Expanding the Idea to Six Rounds⌗
In short, the challenge could be solved by the following steps in a 6-round setting:
- Use meet-in-the-middle approach to figure out the two equations of $x_3$ (in terms of $x_0$ and $x_1$, and in terms of $x_6$ and $x_7$).
- Collect 200 plaintext-ciphertext pair.
- Plug $x_0, x_1, x_6$ and $x_7$ by the plaintext-ciphertext pairs into the equations.
- Solve for $k_0, k_1, \dots, k_5.$
- Profit!
I encrypted about 200 messages to find the $k$'s.
The Intended Solution⌗
I had a short chat with the author in Telegram afterwards.
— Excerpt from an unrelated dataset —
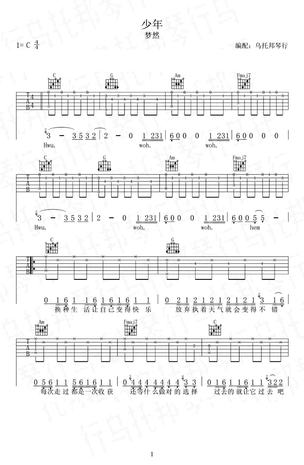 - 少年吉他谱_梦然_C调指法_弹唱六线谱_高清版
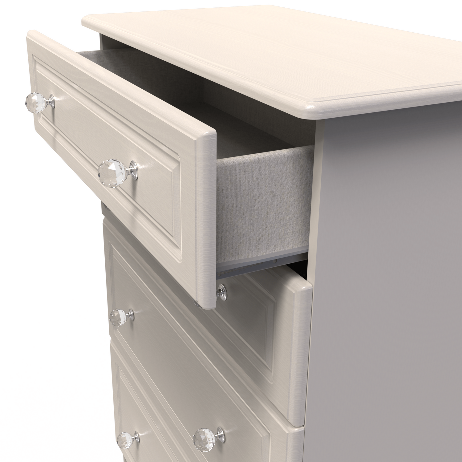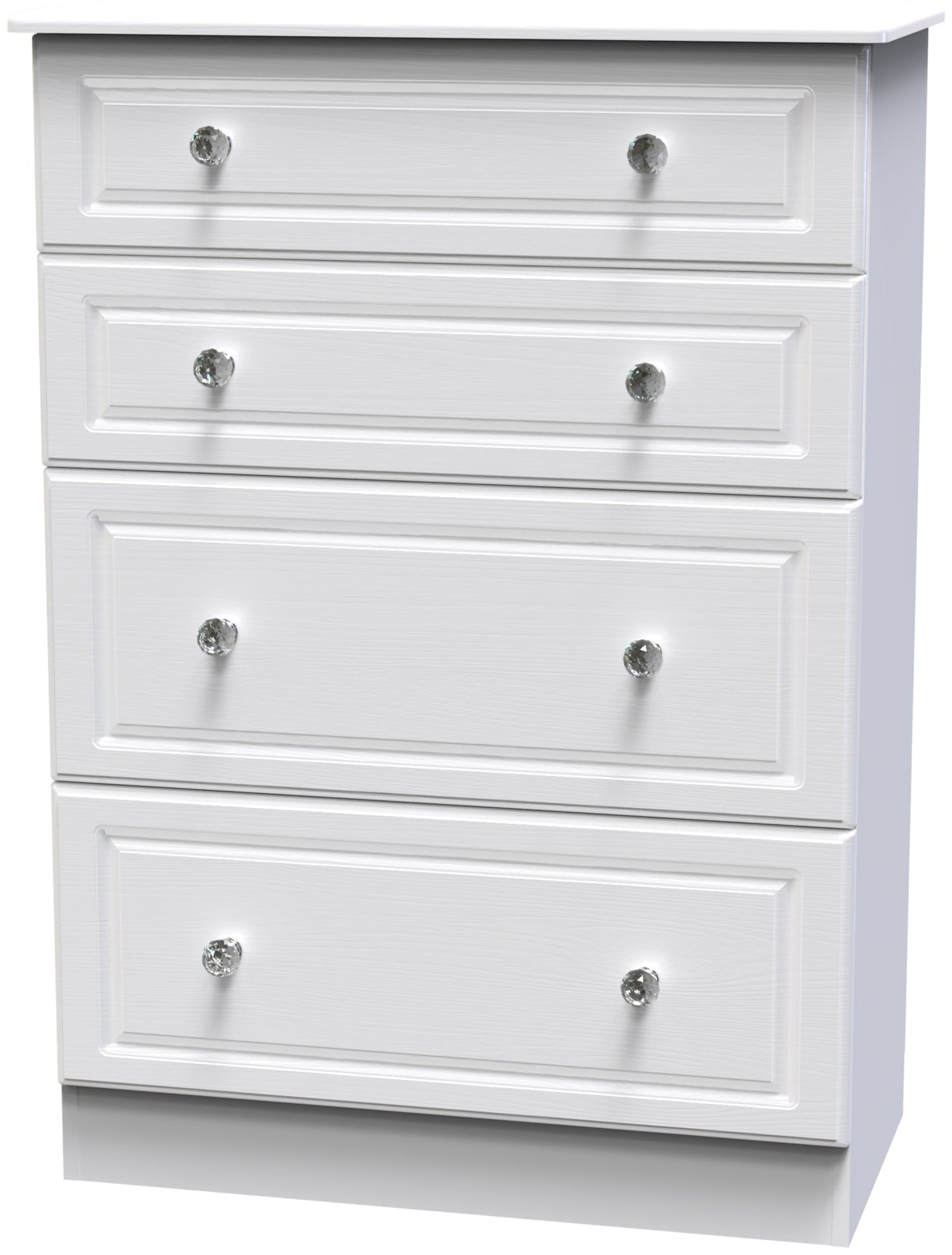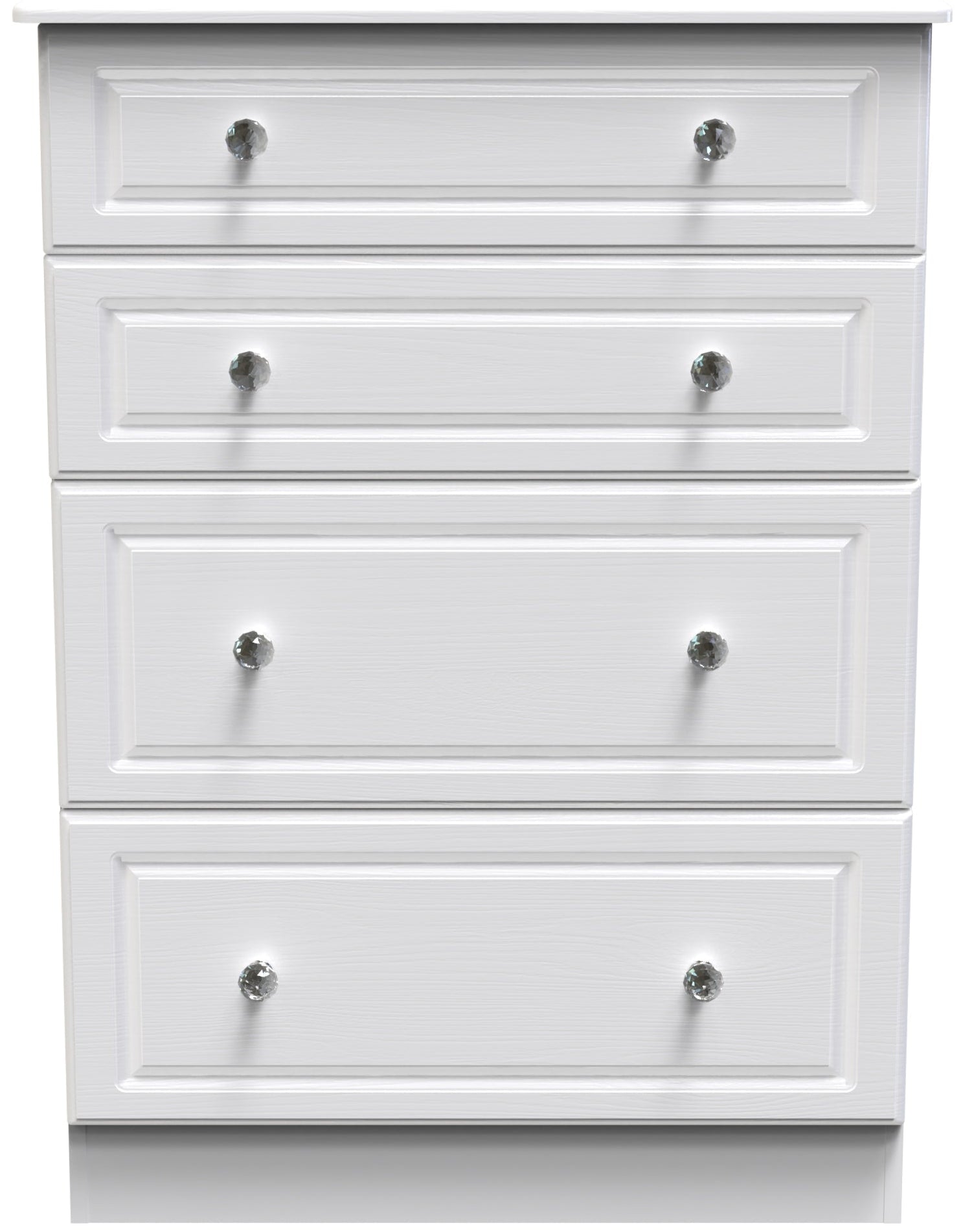 The Crystal 4 Piece Bedroom Set combines timeless elegance with practical storage, making it the perfect choice for creating a beautifully coordinated bedroom. Showcasing a traditional design with unique door and drawer fronts, this collection adds character and charm while maintaining a clean, classic look.

He said that the intended solution is interpolation attack, which is new to me. I should have looked into that soon...
The Last Words⌗
For sure I have went into numerous dead-ends to come up with the correct solution. Yet, the idea is also valuable and I think I shall document it someday. Probably after DEFCON finals.